The height of metal workshop workers was measured with calibrated height measuring steel attached to the beam balance in a standing upright position with bare feet. Participants' weight was also measured using a calibrated weight scale and recorded accurately to 100 g. Body mass index was calculated based on the result of anthropometric measurements and it was categorized as underweight (<18.5 kg/m²), normal (18.5–24.99 kg/m²), overweight (25–29.99 kg/m²), and obese (≥30 kg/m²).

Data quality control

To ensure data quality, 2-day training was given for data collectors. Pretesting of the questionnaire was done with 5% of metal workshop workers at Dabat town to ensure its validity. Daily close supervision of the data collectors was made by the principal investigator during the data collection period. The data were checked for completeness and consistency before entry.

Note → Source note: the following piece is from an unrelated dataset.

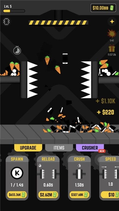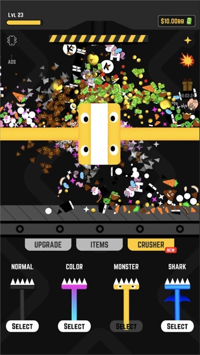 每一关都有不同的任务解锁,极简的操作玩法,控制碾压机进行粉碎。关卡设计独具匠心,从简单的单物品破坏到复杂的连锁破坏挑战应有尽有。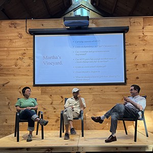 Professor Jesse M. Keenan discusses his new book North: The Future of Post-Climate America at Stillpoint on Martha’s Vineyard. Following the book talk, Commissioner Ben Robinson and climate change coordinator Sakiko Isomichi of the Martha’s Vineyard Commission led an audience-driven dialogue on future climate challenges and opportunities facing the island.

Data processing and analysis

After data collection, data were entered into Epi data 4.6 and then exported into Statistical Package for Social Sciences (SPSS) version 25 software for analysis. Descriptive statistics (mean, median, frequency, percentage, interquartile range) were used to summarize the characteristics of the study population through tables and charts. The normality of continuous data was checked by the Shapiro-Wilk test (p = 0.001). The Hosmer–Lemeshow test was done to assess model goodness-of-fit (p ≥ 0.05). Independent variables having a p ≤ 0.2 in bi-variable analyses were included in the multivariable analysis to control confounders in binary logistic regression models. An odds ratio (OR) at a 95% confidence interval (CI) was determined to see the strength of association between the independent variables and outcome variables. Factors with a p ≤ 0.05 in the multi-variable regression model were considered statistically significant.

Results

Socio-demographic and anthropometric characteristics

A total of 300 metalworkers participated in this study with a response rate of 91.5%. A majority (94.4%) of study participants were males. The median age of the participants was 35 years with an interquartile range of 16. Nearly 47% of study participants were unmarried. Regarding educational status, about one-third (35.3%) of participants were diplomas and above. A majority (92.4%) of the participants had a normal body mass index (Table 1).

TABLE 1

Table 1. Socio-demographic and anthropometric characteristics of study participants among metal workers in Gondar city, Northwest Ethiopia, 2021.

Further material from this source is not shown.